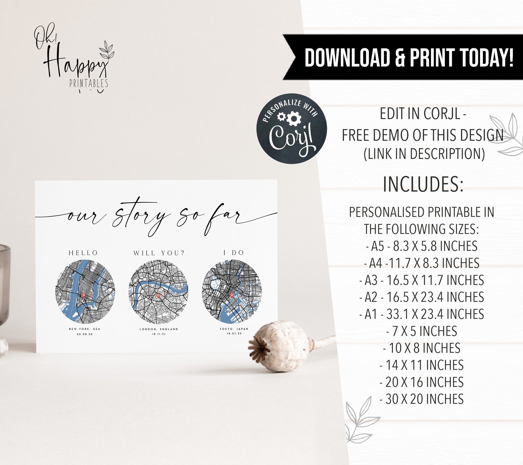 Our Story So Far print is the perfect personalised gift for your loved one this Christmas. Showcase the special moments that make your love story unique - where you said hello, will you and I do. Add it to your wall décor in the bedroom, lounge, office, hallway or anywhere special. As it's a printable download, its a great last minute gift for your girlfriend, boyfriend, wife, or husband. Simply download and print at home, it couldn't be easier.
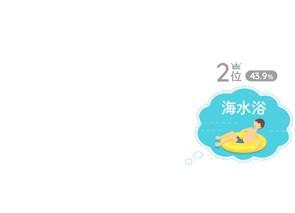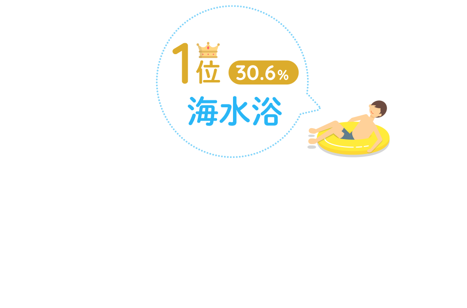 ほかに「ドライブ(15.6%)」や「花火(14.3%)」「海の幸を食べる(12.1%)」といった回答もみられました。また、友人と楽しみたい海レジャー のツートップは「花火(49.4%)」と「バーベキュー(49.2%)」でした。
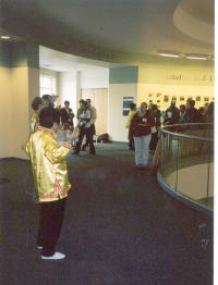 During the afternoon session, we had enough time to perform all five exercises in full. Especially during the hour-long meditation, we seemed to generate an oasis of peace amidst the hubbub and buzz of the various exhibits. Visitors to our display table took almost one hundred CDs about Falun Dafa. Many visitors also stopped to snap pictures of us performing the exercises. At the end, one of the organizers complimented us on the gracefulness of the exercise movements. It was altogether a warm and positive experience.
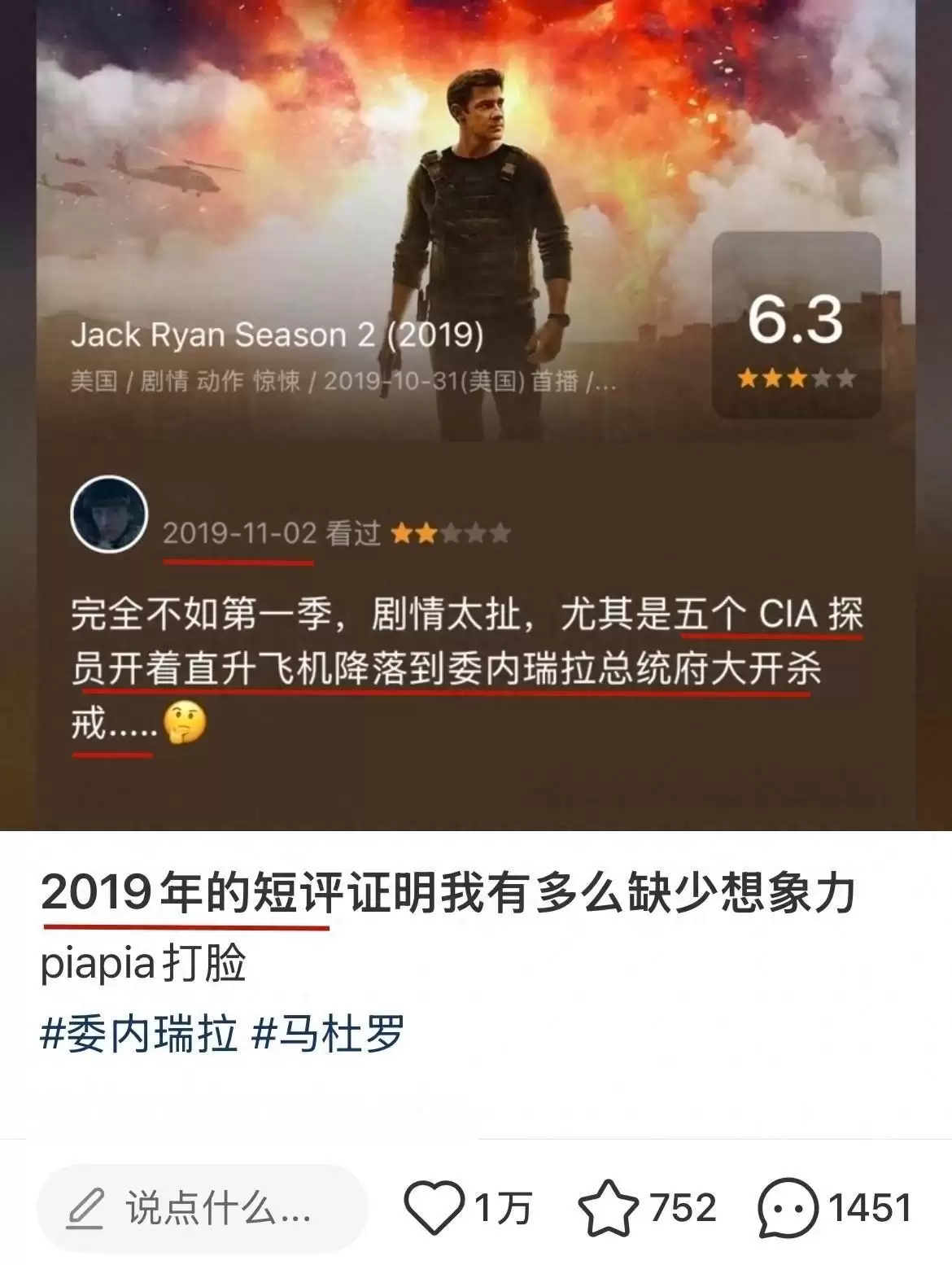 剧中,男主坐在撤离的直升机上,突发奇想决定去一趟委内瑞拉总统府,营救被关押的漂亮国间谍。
········
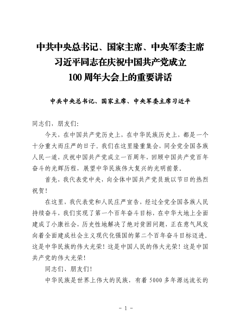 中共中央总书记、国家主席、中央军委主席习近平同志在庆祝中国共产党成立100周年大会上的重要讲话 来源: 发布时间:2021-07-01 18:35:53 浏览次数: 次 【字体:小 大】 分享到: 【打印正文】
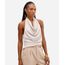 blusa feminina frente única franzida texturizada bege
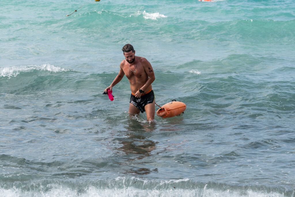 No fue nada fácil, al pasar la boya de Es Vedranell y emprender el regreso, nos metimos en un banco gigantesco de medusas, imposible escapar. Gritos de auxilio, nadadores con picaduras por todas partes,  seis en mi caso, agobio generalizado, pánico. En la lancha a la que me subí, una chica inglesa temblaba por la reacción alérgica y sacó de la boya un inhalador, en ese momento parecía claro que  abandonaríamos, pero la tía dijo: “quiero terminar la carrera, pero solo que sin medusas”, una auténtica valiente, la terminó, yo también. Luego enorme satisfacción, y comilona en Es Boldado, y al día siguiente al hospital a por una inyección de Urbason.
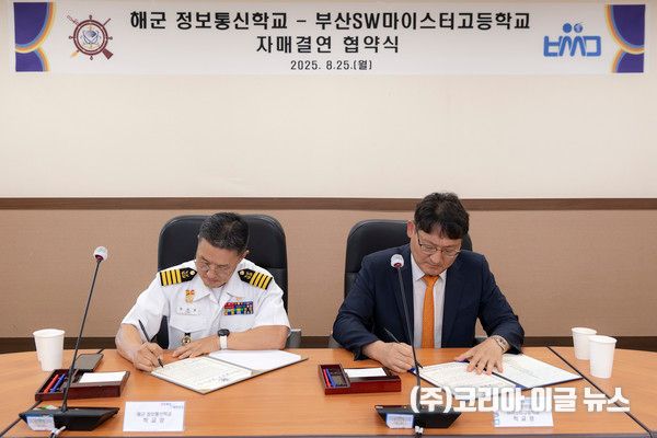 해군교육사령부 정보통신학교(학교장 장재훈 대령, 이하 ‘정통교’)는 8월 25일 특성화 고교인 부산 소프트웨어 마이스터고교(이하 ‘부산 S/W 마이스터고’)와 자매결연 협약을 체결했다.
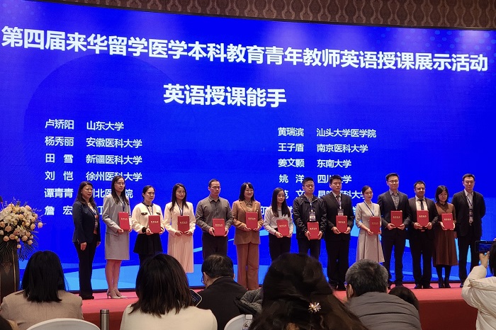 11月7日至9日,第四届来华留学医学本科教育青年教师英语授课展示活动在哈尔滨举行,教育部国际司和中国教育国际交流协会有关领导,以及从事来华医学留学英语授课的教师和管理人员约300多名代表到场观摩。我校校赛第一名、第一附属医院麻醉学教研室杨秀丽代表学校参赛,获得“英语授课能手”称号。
········
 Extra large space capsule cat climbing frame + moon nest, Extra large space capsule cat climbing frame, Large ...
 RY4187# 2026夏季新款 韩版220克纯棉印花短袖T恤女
········
## BRIEF
Only the lines starting at the one that includes "해군교육사령부 정보통신학교(학교장 장재훈" and ending at the one that includes "11月7日至9日,第四届来华" should be retyped, exactly, from the records above; no pictures.

## ANSWER FOR THIS EXERCISE
 해군교육사령부 정보통신학교(학교장 장재훈 대령, 이하 ‘정통교’)는 8월 25일 특성화 고교인 부산 소프트웨어 마이스터고교(이하 ‘부산 S/W 마이스터고’)와 자매결연 협약을 체결했다.
 11月7日至9日,第四届来华留学医学本科教育青年教师英语授课展示活动在哈尔滨举行,教育部国际司和中国教育国际交流协会有关领导,以及从事来华医学留学英语授课的教师和管理人员约300多名代表到场观摩。我校校赛第一名、第一附属医院麻醉学教研室杨秀丽代表学校参赛,获得“英语授课能手”称号。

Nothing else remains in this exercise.